Bearing witness through photography

By Lindsey Anderson

Disclaimer: This post contains an image that may be disturbing to some viewers. 

Gruesome images have existed as long as photography has, but they seem to have pervaded modern life because of social media. On Facebook or YouTube, viewers can find videos of Islamic State militants viciously killing prisoners or photographs of Muammar Gaddafi’s brutalized body, among many other horrific images.

Viewing gruesome images can be emotionally devastating. During a FASPE session on the ethics of photography, many fellows recalled how they felt the first time they saw disturbing photographs.

“I was nine and I tried to trick my sister into moving into my room with me because I didn’t want to sleep alone,” fellow Katelyn Verstraten said. “I had nightmares.”

Susan Sontag argues in her collection of essays, On Photography, that an abundance of such grisly photos dulls viewers to the power of such images and the events they depict.

But many FASPE fellows disagreed, saying each image has value. The alternative—not seeing, not having that representation and evidence, despite its ghastliness—is much worse, fellows argued.

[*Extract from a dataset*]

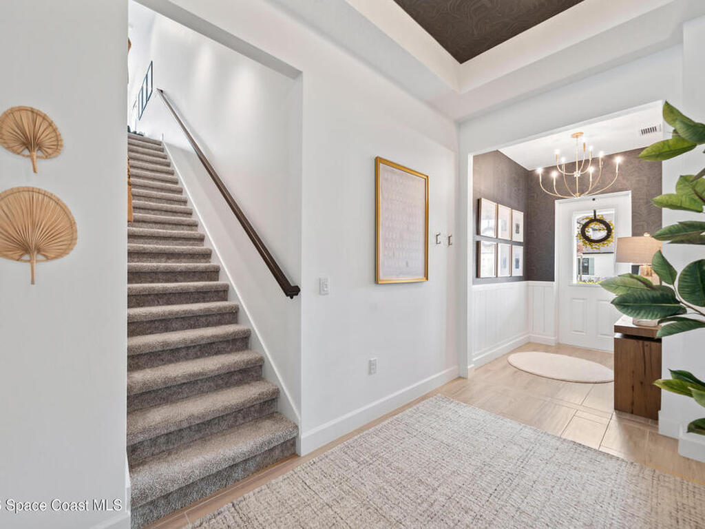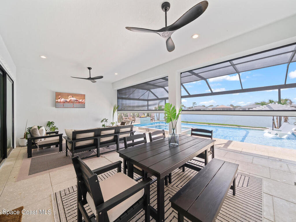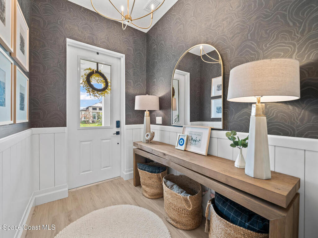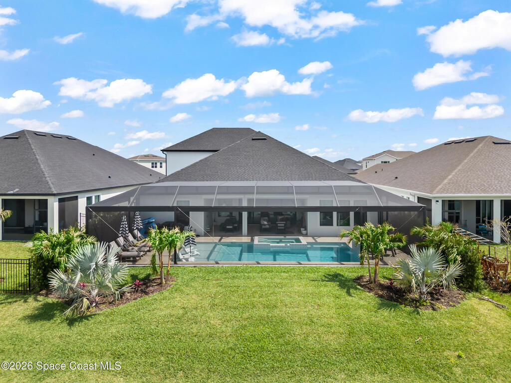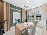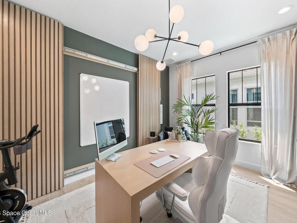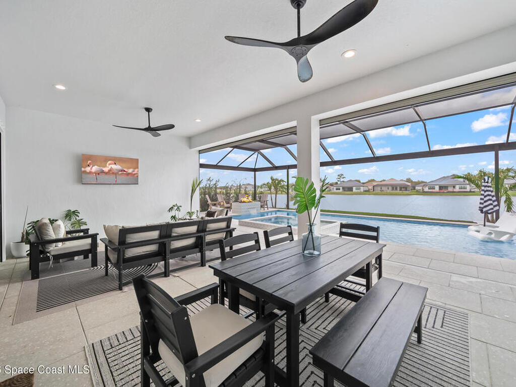 *** Multiple Offers Received.Exquisitely upgraded 4BR/4BA home in highly sought-after Viera, transformed by a professional interior designer-- every room was thoughtfully designed with cohesive, high-end finishes and custom built-ins throughout. Living room showcases a textured concrete-inspired fireplace wall with white oak built-ins and integrated lighting. Bespoke dry bar with oak shelving and built-in beverage center. Step outside to the custom heated pool and spa, panoramic screen enclosure, natural gas fireplace, pavers, & hurricane-rated roll down screens. Custom drapery/window treatments, curated wall treatments & an elegant foyer fill the interior. Executive office features a 16ft custom built-in wall with a custom sliding white oak panel concealing a whiteboard or TV. Upstairs loft offers flexible space for work, study or play.

Photojournalists are compelled to document the scenes they witness, and sometimes what they see is horrendous. As Nazi concentration camps were liberated during World War II, photographers came across emaciated prisoners and piles of bodies. Taking photographs of those horrors documented them for the world to see. Without such photographs, people could have ignored or denied the true scope of the Holocaust.

Sometimes photographs can be lurid—such as a Daily News front-page photograph of a woman dying in the electric chair in 1928. But many photographs of atrocities convey information the world needs to see.

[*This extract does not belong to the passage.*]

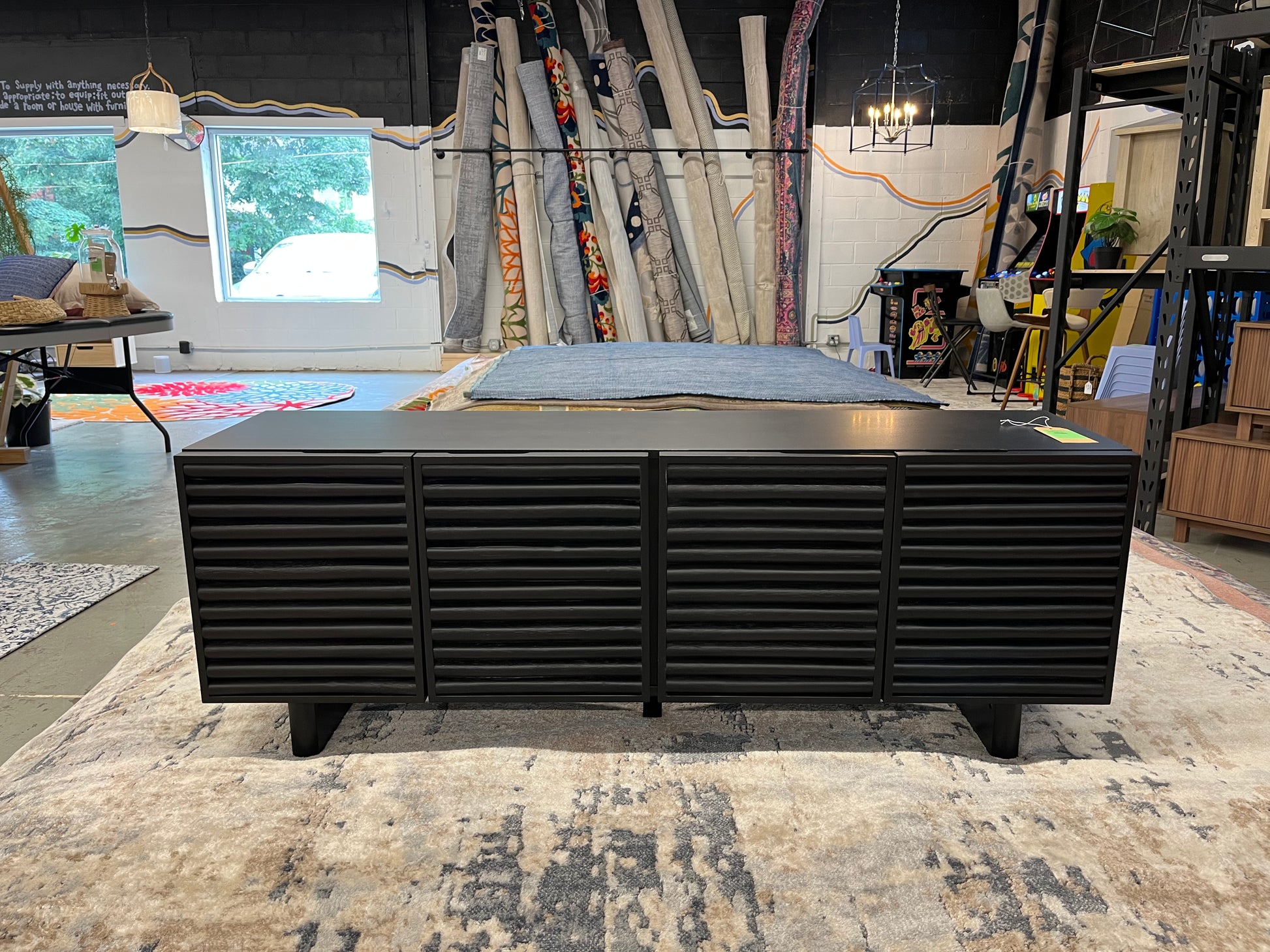 Fluted TV Stand for TVs up to 55in Black - Threshold: Entertainment Center with Adjustable Shelves | Retail Price: $400

Sontag argues, however, that displaying such photographs in museums or newspapers plays into the perpetrators’ hands—for instance, amplifying the humiliation and degradation the Nazis inflicted on millions of Jews and hundreds of thousands of others. Nazis themselves took many of the photographs of concentration camps and ghettos, perhaps to document their process or illustrate how inferior they thought Jews were.

Regardless of who was behind the lens, the photographs documented the Nazis’ atrocities, both in the images themselves and in the rationale for taking the images.

As fellow Alexandra Levine said, “Nazis [were] trying to show how disgusting Jews were and their victorious campaign, but it backfired and made them look that much worse. Every photo helped define who they were more than it defined who the subjects were.”

Other photos were taken by victims themselves, including four photographs by members of a Sonderkommando, a group of inmates forced to work in the Auschwitz II-Birkenau crematoria and gas chambers. One image in the series shows naked women being herded toward a gas chamber. Two others show piles of bodies being burned.

sonderkommando for Lindsey

Sonderkommando photograph of bodies being burned after death in the gas chamber. (Wikimedia Commons)

The images are difficult to look at, but not to display them would be a disservice, fellows argued. The photographer risked his life to take the photos and smuggle them out of the camp so the world could see the horrors inside.

If people refuse to look at the photos, refuse to acknowledge them, the atrocities could happen again.